The Lake (by Dorothy Massingham and Murray MacDonald; produced by Jed Harris). In this sincere, intelligent but somewhat rambling play, there are two powerful scenes. One occurs when Stella Surrege (Katharine Hepburn), who has broken off a sticky love affair with a horsey neighbor (Geoffrey Wardwell) to marry a kindly, understanding War veteran with £15,000 a year, discovers that she loves her new husband John Clayne . (Colin Clive). It is an hour after their wedding, on a rainy September afternoon. Stella and John are standing under a leaky marquee. Laughing together, they get into their car to go away. The car skids into a lake which fussy old Mrs. Surrege (Frances Starr) has had built beyond the garden. John Clayne is fished out of the lake dead.

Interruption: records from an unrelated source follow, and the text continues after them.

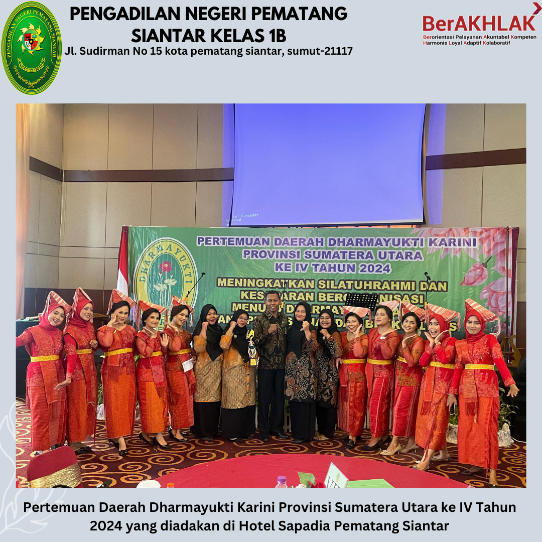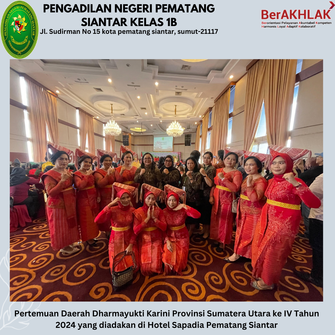 Pematang Siantar- Jumat (12/01/2024), Pengurus Daerah Dharmayukti Karini se-Provinsi Sumatera Utara mengadakan pertemuan rutin dalam rangkaian pertemuan tiga bulanan di Hotel Sapadia, Kota Pematang Siantar. Pada kegiatan tersebut, Ketua Daerah Dharmayukti Karini Provinsi Sumatera Utara Ir. Hj. Endang Setyowati Panusunan Harahap menyampaikan terima kasih kepada DYK Pematang Siantar, DYK Simalungun, DYK Kabanjahe, DYK Sidikalang, dan DYK Balige yang telah bersedia menjadi tuan rumah pada acara Pertemuan Daerah Dharmayukti Karini se-provinsi Sumatera Utara di Kota Pematang Siantar. Dalam Pertemuan Daerah ini juga diisi dengan Sosialisasi "Pembekalan Calon Pimpinan Dharmayukti Karini" yang dibawakan langsung oleh Ketua Daerah Dharmayukti Karini Provinsi Sumatera Utara Ir. Hj. Endang Setyowati Panusunan Harahap.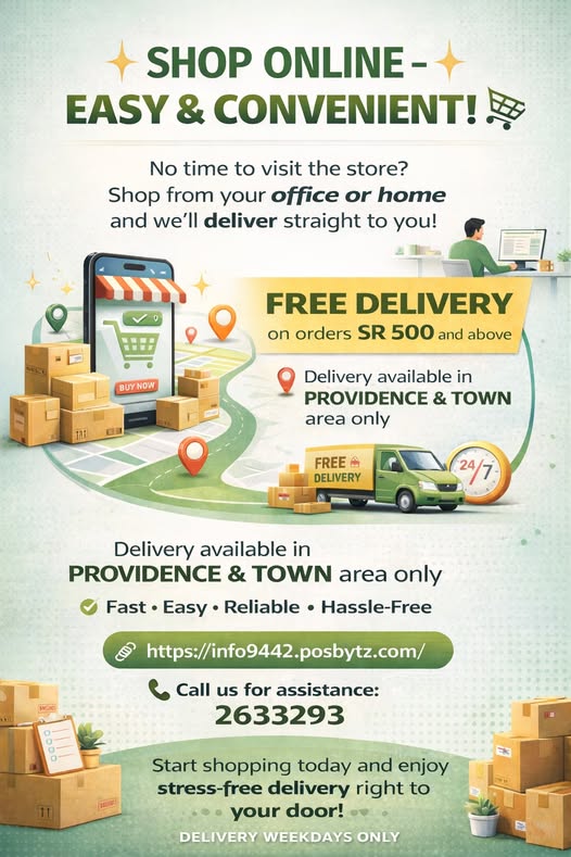 SHOP ONLINE, FREE DELIVERY ON ORDERS SR 500 AND ABOVE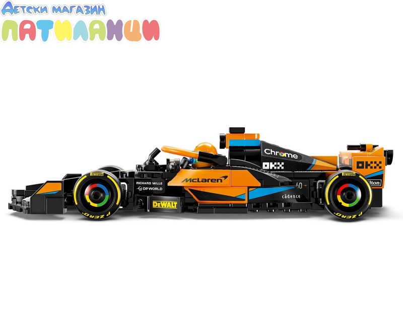 Отпразнувайте 60-ата годишнина на екипа на McLaren Racing със състезателната кола 2023 McLaren Formula 1 – елегантната и динамична състезателна кола, която се състезаваше в световния шампионат на Формула 1. Съберете, постройте и изложете на показ репликата от LEGO® Speed Champions, включваща детайли от дизайна на оригиналната кола. Комплектът за игра включва и минифигура на пилот с каска за организиране на вълнуващи състезания по пистата.

The other moving scene comes four days later, when Stella, dazed by her grief, starts out of the Surrege's drawing room toward the lake to do what she thinks is the only thing left for her to do. Her wise compassionate aunt (Blanche Bates) stops her at the door. They have a conversation from which Stella derives comfort, if not consolation. As the play ends, Stella is again going through the door toward the lake.*
Before The Lake opened in Manhattan last week, with the most expensive premiere of the season, its audience had been led to expect the season's most exciting play. Producer Jed Harris, active on Broadway again after two years of noisily doing nothing, had assembled a good cast, fine sets by Jo Mielziner. For his lead, he had Katharine Hepburn who had left Broadway two years ago after a modest success in The Warrior's Husband. During that interval, with four cinema roles, she had made herself the most talked-about actress in the U. S. Too young and too shy, in the presence of an audience, to seem as commanding a personality on the stage as on the screen, she gave a talented, clever performance marred only by a trick of keying her voice to a high, flat monotone to indicate emotional intensity.
Daughter of a well-to-do Hartford physician, Katharine Hepburn was a member of the Class of 1929 at Bryn Mawr, prefaced her one important Broadway performance in The Warrior's Husband with four small parts and several unproductive engagements as understudy. Since becoming a celebrity, she has fiercely fought to distinguish between her private and her professional life. Of her education, she says: "I never went to Bryn Mawrthat was another Katharine Hepburn." Of her husband. Insurance Broker Ludlow Ogden Smith, whom she married Dec. 12, 1928 and with whom she lives in Manhattan at No. 244 East 49th St.,† she says to interviewers: "I am not married and never was." In Hollywood, Katharine Hepburn lives on a chicken farm with her friend Laura Harding, goes to no parties, calls herself an exhibitionist because she likes to wear overalls to work. When she returns to cinema, she will perform first as Queen Elizabeth, later as Joan of Arc.